What You Don’t Know Can Cost You
- brooke4834
- Sep 12, 2023
- 3 min read
Updated: Sep 25, 2023
When I was in-house counsel, people would ask me what kept me up at night and my answer was, ‘not knowing what I don’t know.’ This was particularly true when I’d start a new job in an industry where I didn’t have deep experience, or taking a company into a country that I hadn’t before.
Ever hear of escheating, dealer protection, money transmission? Exactly.
And it’s not just areas of the law that are not on your radar. Companies are constantly caught by surprise by laws both new (CVAA/CVTA) and old (VPPA) that are not ancillary to the business, but apply directly to it. I remember reading about the CVAA - which requires accessibility compliance by communication tools (among other things) - when it was first passed into law and thinking, “my job will never get boring!” I brought the new law to my client, a B2B technology company that provided communication tools to its B2C customers. They quickly built the accessibility requirements into its offering and used it as a selling point because they were able to comply well before its competition. Accessibility isn't just important for those who need it, it's a topic of many, many lawsuits. We benefited from knowing the law; our competition lost business because they did not.
Ignorance is not bliss. Nor is it a defense. Missing these legal landmines can be costly and I am not just referring to the fines, although those can be quite high. Failing to take into account all areas that affect your business can result in product re-builds, tax audits, and lower valuations. You know that old adage, ‘a stitch in time saves nine’? Your engineers may have that in their minds as they are spending countless hours fixing a feature for the oh-so-sexy compliance requirements.

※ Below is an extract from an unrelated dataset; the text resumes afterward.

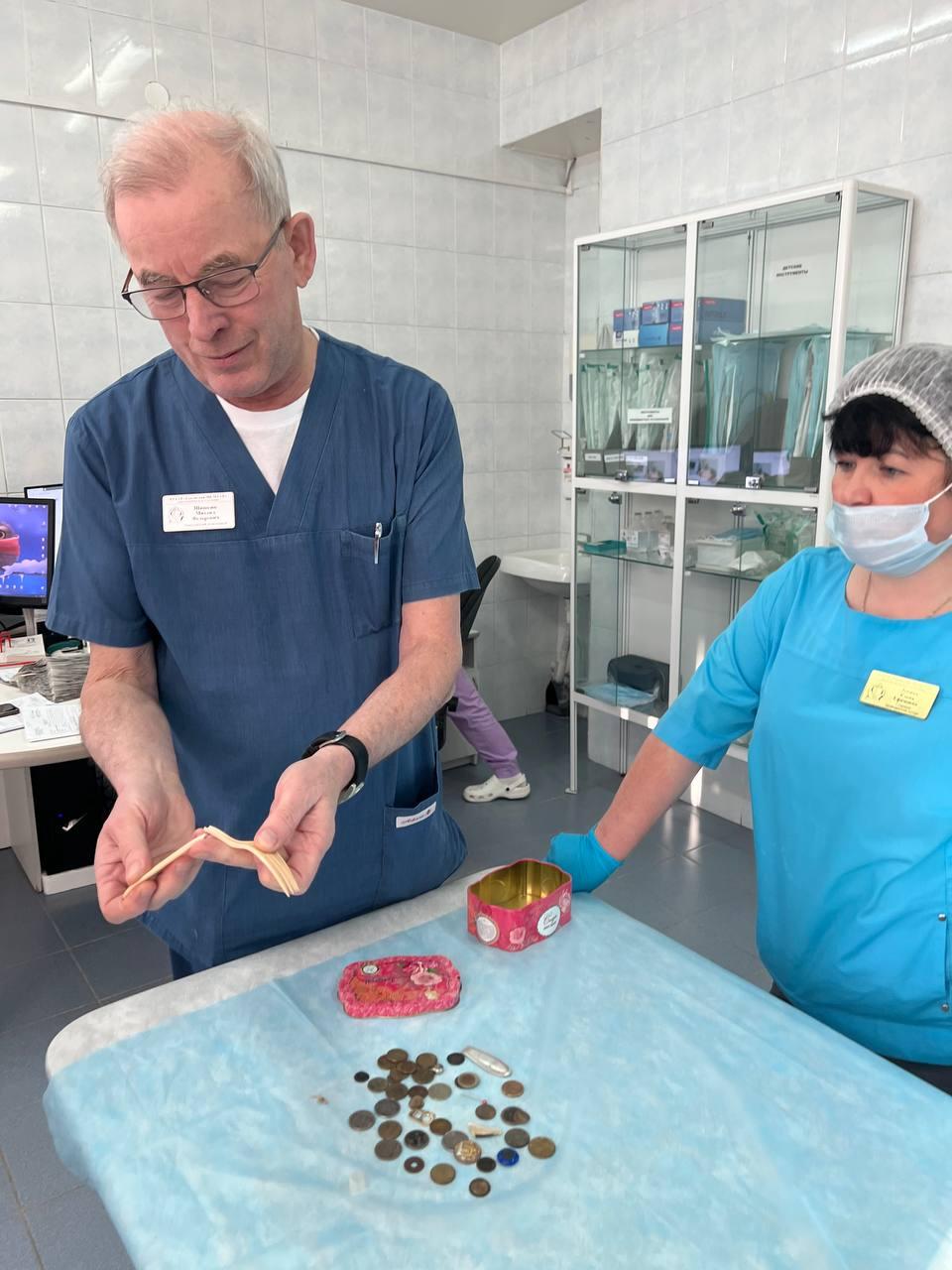 По словам заведующего эндоскопическим отделением Михаила Шишкина, врачи собрали целую шкатулку таких инородных тел, извлеченных из детских ЖКТ.

Tax provides many cautionary tales. Tax laws are incredibly complicated and they exist at every level – local, state, federal, international. Failing to comply with tax laws can be hugely expensive. Take for example two technology companies that have SaaS platforms, each based in New York selling its services in to customers in New York. Company A uses its technology to give its customers the ability to sell their products. Company A is paid based on the volume of products sold and not for access to its SaaS platform. Company B bases its sales on the number of users (or seats). Both use “license” language in their agreements. One even calls its agreement a EULA. New York’s taxing authority has the following logic:
SaaS = Software
Software = downloadable software
Downloadable software = tangible personal property
The sale of tangible personal property is taxable in New York
Neither company charged tax to its customers, nor made any sales tax filings in New York. Both have a problem if New York comes knocking. Even if Company A did not need to collect and remit sales tax, because of the license language and calling itself a SaaS provider, it has a years-long fight with New York. This means very expense (but well worth the $$!!) Tax Counsel and costly hours by the Finance and Legal teams. And when the CEO is told the potential outcome, the price she pays is sleepless nights. What about Company B? Good luck trying to collect sales tax from clients for the past 6 (or 10 or 20?!) years…. That expensive Tax Counsel also needs to negotiate down the fines, penalties and interest (not just the tax bill itself). The cost is likely in the multiple millions.
As a SaaS company, would you know that you were selling tangible personal property in New York? And you do not need to be a New York-based company for this to apply to you. Even if New York has not knocked on your door, when trying to sell your company the buyer’s tax lawyers will be combing through your dataroom and will insist on protection, perhaps in the form of a tax indemnity or holdback of a portion of the purchase price.
It should be noted that I am not a tax lawyer. The above is not legal advice. But these are more than cautionary tales.